So the alternative I've mentioned above would change the behaviour of
old syscalls in a corner case that just might be actually used in userland
code - including the scripts run at the boot time, of all things ;-/

IOW, it probably falls under "can't touch that, no matter how much we'd
like to" ;-/  Pity, that...

That leaves the question of MOVE_MOUNT_BENEATH with empty pathname -
do we want a variant that would say "slide precisely under the opened
directory I gave you, no matter what might overmount it"?
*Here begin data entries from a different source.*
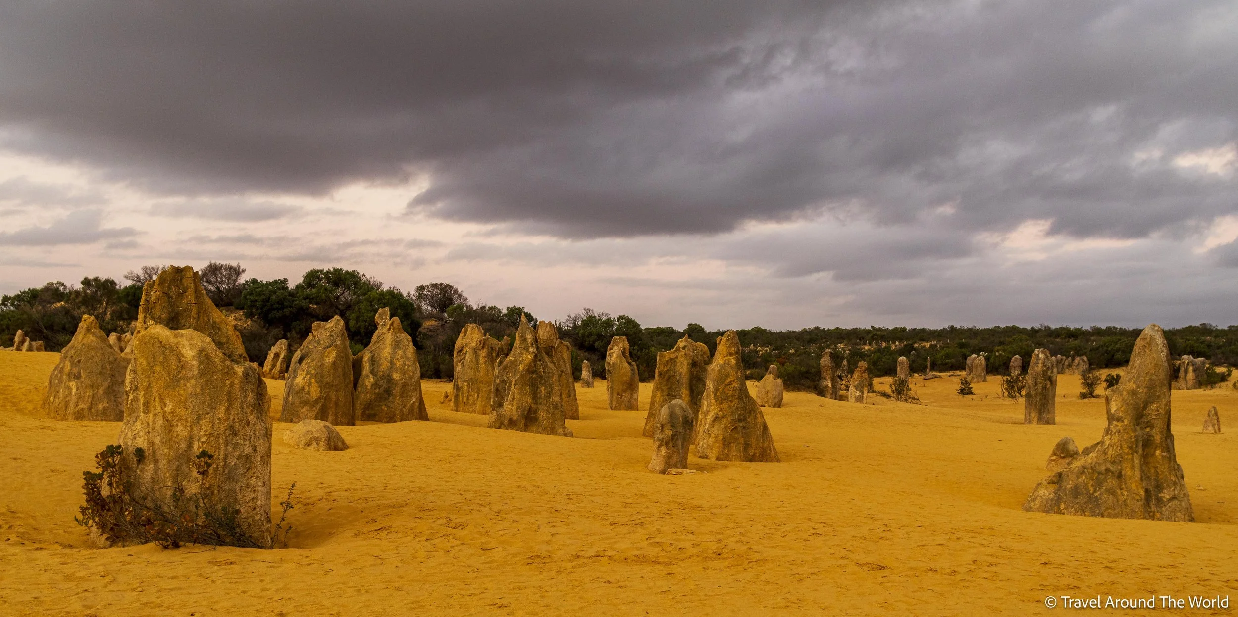Rechtzeitig, um im Nambung National Park die Kalksteinsäulen – die sogenannten Pinnacles – im weichen Spätnachmittagslicht und bei Sonnenuntergang fotografisch einzufangen. Unser Plan ging nur halbwegs auf. Zeitlich waren wir gut dran, doch die dicken Regenwolken, die zwar vorhin noch für einen schönen Kontrast zu den Lancelin Dünen gedient haben, waren jetzt zu dicht, sodass die Sonne untergegangen ist, ohne dass man es gross mitbekommen hat. Der Besuch hat sich jedoch auch ohne spektakulären Sonnenuntergang allemal gelohnt, denn im Nachmittagslicht hat der Sand und das Gestein in kräftigen Gelbtönen geleuchtet. Unabhängig von der Lichtsituation sind die Kalksteinsäulen eindrücklich, ragen sie in diesem Nationalpark doch scheinbar «einfach so» zu Dutzenden aus der Wüste empor (einige erreichen eine stolze Höhe von bis zu 3.5 Metern Höhe). «Einfach so» sind sie natürlich nicht entstanden – es hat Jahrtausende gebraucht, bis aus einem komplizierten Zusammenspiel von Meer, Sand & Wind, aber auch von Muscheln und Pflanzen schliesslich diese Kalksteinsäulen entstanden sind. Erkundet werden können die Pinnacles entweder auf einem kurzem, aber coolen 4x4-Trail oder auch zu Fuss. Uns hat Trail so gut gefallen, dass wir die knapp 4 km lange Strecke gleich zweimal gefahren sind.
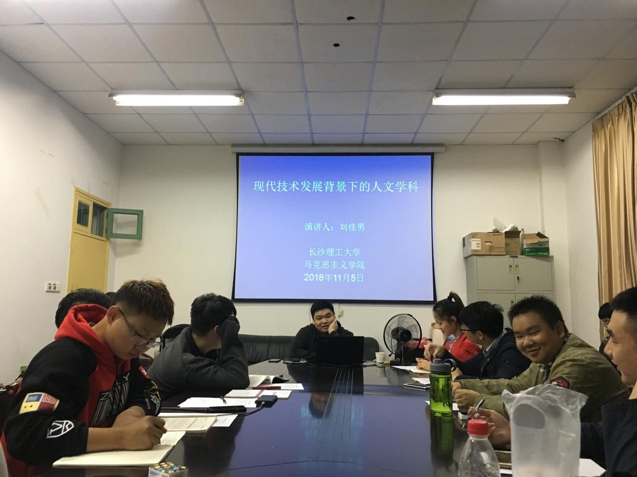 2018年11月5日,科技与社会发展研究所副所长 、湖南省自然辩证法研究会理事、中国自然辩证法研究会科学文化专业委员会理事、威廉体育williamhill马克思主义学院刘佳男老师为2018级马克思主义研究生带来一场题为“现代技术发展背景下的人文学科”专题讲座。讲座由马田田主持,全体18级研究生参加。
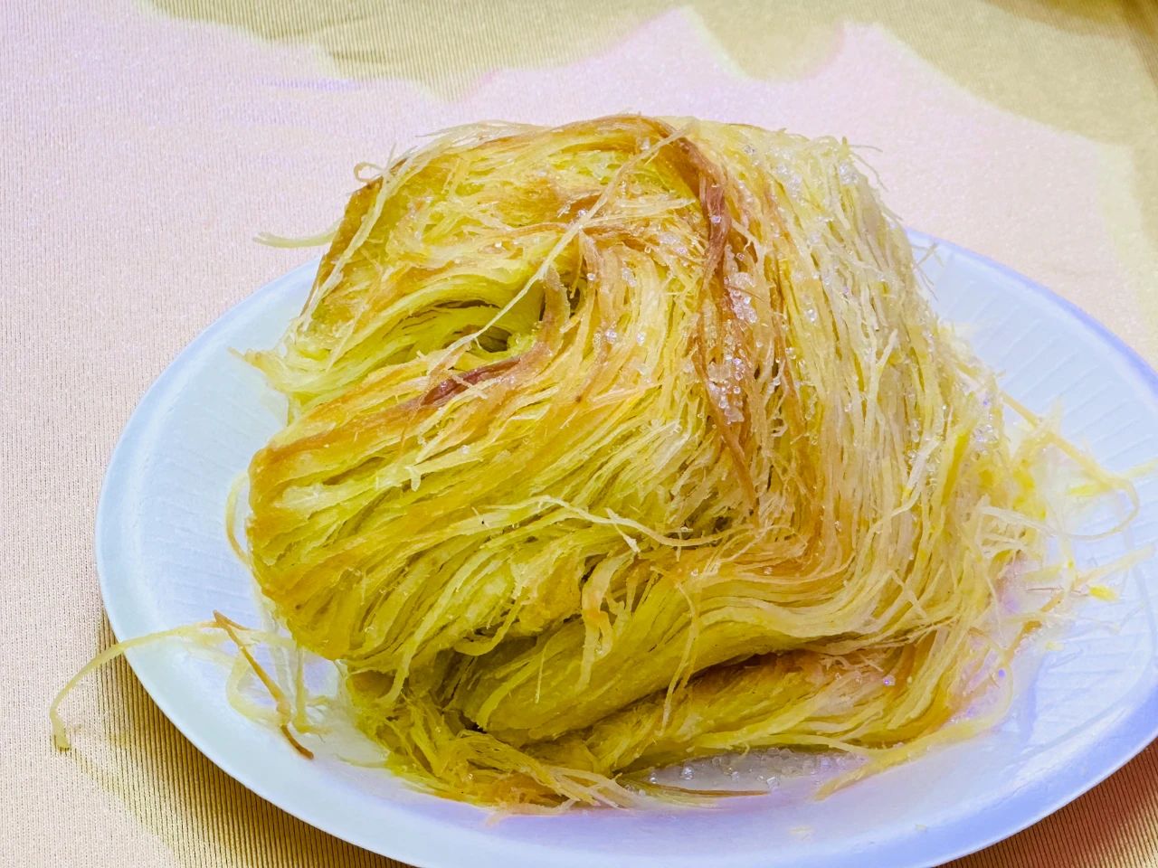 一窩絲的制作是一門精細的藝術(shù)。面粉、水、鹽和油巧妙混合,揉成光滑面團后,反復地拉伸、對折,直至那面團細如發(fā)絲,再盤成一團放入烤箱中,逐漸變得金黃酥脆。吃起來,那口感是層層疊疊的酥,帶著淡淡的油香,每一根絲在齒間斷裂,釋放出獨特的風味。
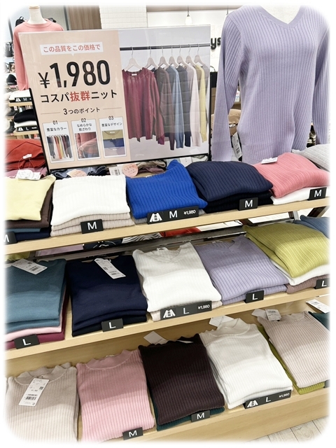 ニットやカットソーは、肌ざわりがやさしく、一枚でも重ね着でも使いやすいデザインが中心となっています。
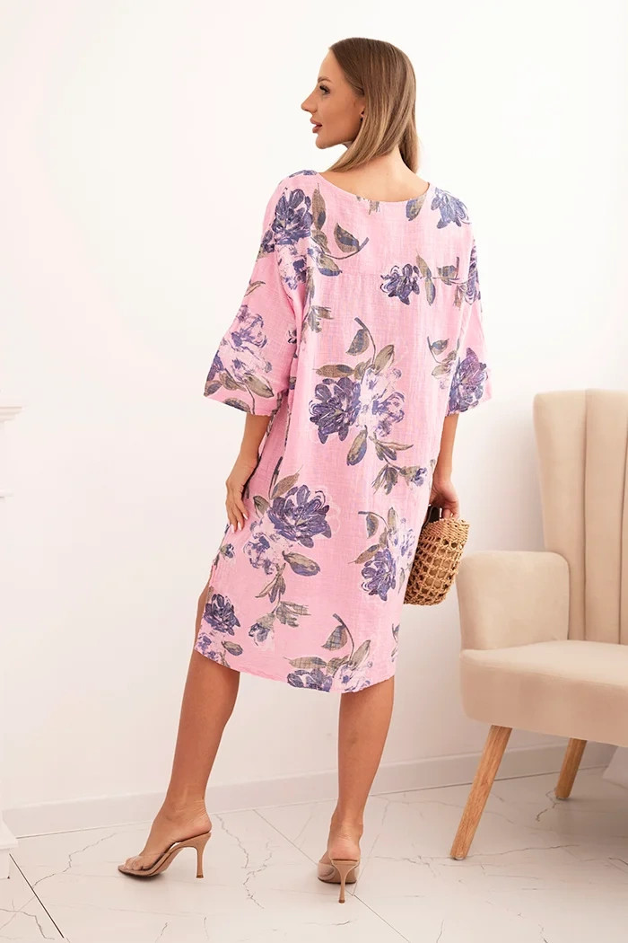 Dámská bavlněná šaty s květinovým vzorem a 3/4 rukávem světle růžová
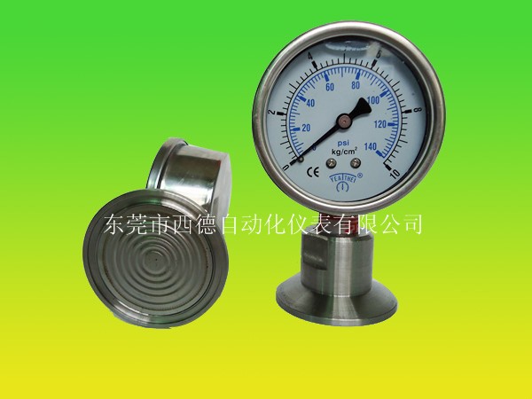 衛(wèi)生型隔膜壓力表表面直徑:60MM,100MM隔膜體外徑:1.5(50.5MM)或2(64MM)密封圈材質(zhì)為硅橡膠或聚四乙烯,符合藥品衛(wèi)生質(zhì)量規(guī)范GMP指
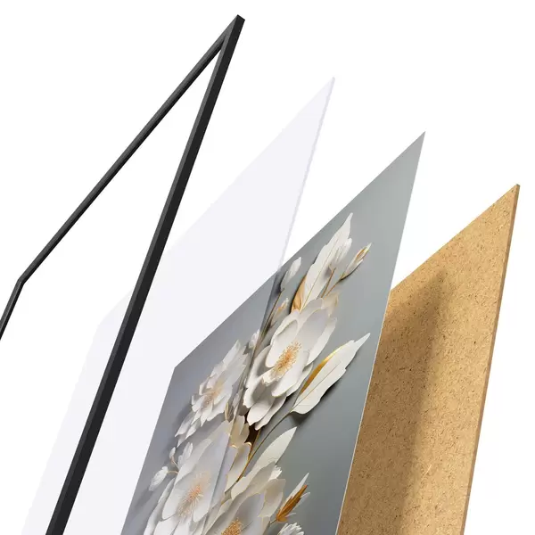 Plagát sa skladá z rámu, plexiskla, vytlačeného obrazu a podkladu z drevotriesky. Plagát možno okamžite zavesiť na stenu vďaka úchytom na zadnej strane.
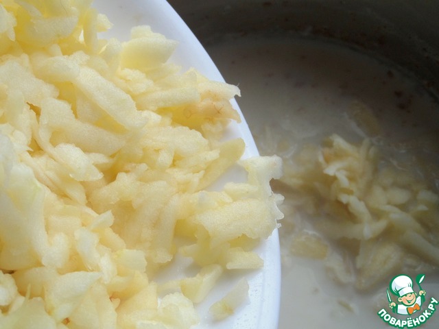 Если яблоко не жёсткое, можно перемешать и сразу выключить. Кислое и твёрдое яблоко проварить немного.
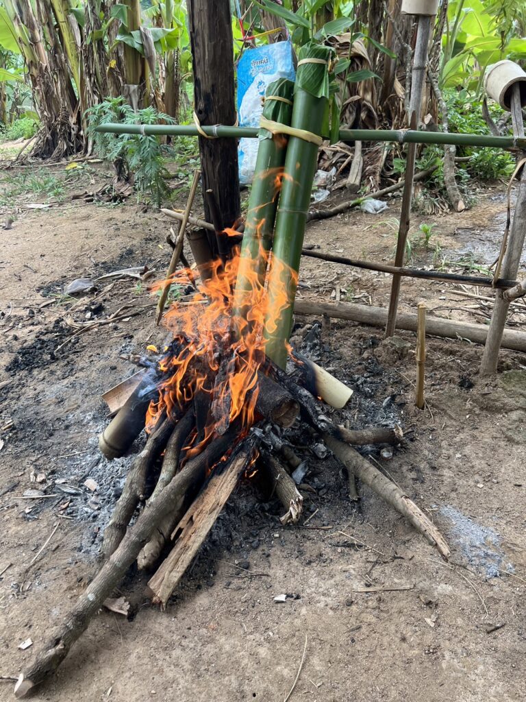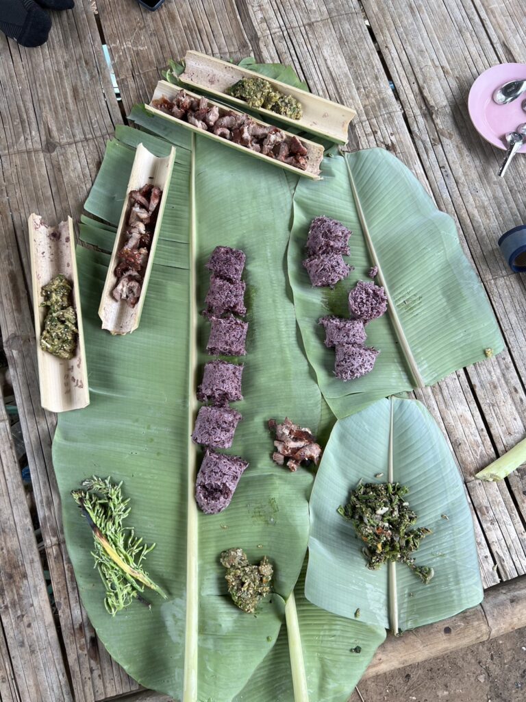 Lunch (Akha-style cooking): We will prepare sticky rice cooked in bamboo, pork BBQ, and eggplant salad. You are welcome to join in the cooking for a hands-on experience.
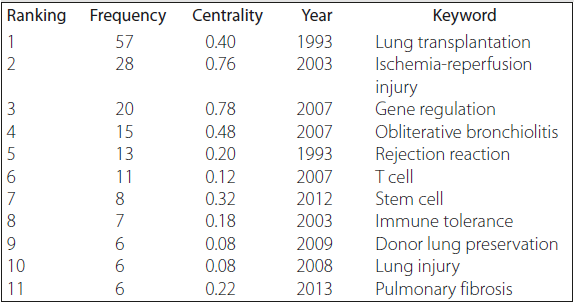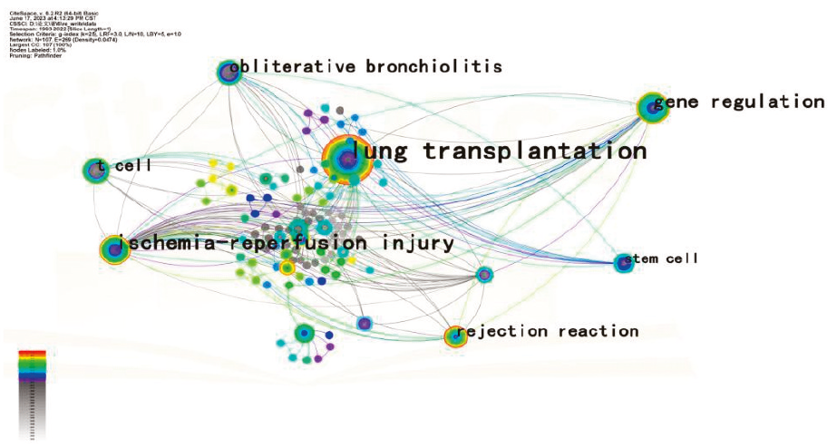 Key word co-occurrence analysis. We used CiteSpace to construct a key word co-occurrence network graph. The comprehensive high-frequency and high-centrality key word distribution and the co-occurrence relationship graph are shown in Table 5 and Figure 2. The research hotspots of lung transplantation inclu-ded ischemia-reperfusion injury, gene regulation, obliterative bronchiolitis, rejection reaction, T cell, and stem cell.

At the very least this corner case needs to be documented in move_mount(2)
- behaviour of
	move_mount(_, _, dir_fd, "",
		   MOVE_MOUNT_T_EMPTY | MOVE_MOUNT_BENEATH)
has two apriori reasonable variants ("slide right under the top of
whatever pile there might be over dir_fd" and "slide right under dir_fd
itself, no matter what pile might be on top of that") and leaving it
unspecified is not good, IMO...

Re: [RFC] {do_,}lock_mount() behaviour wrt races and move_mount(2) with empty to_path (was Re: [PATCH] fs/namespace.c: fix mountpath handling in do_lock_mount())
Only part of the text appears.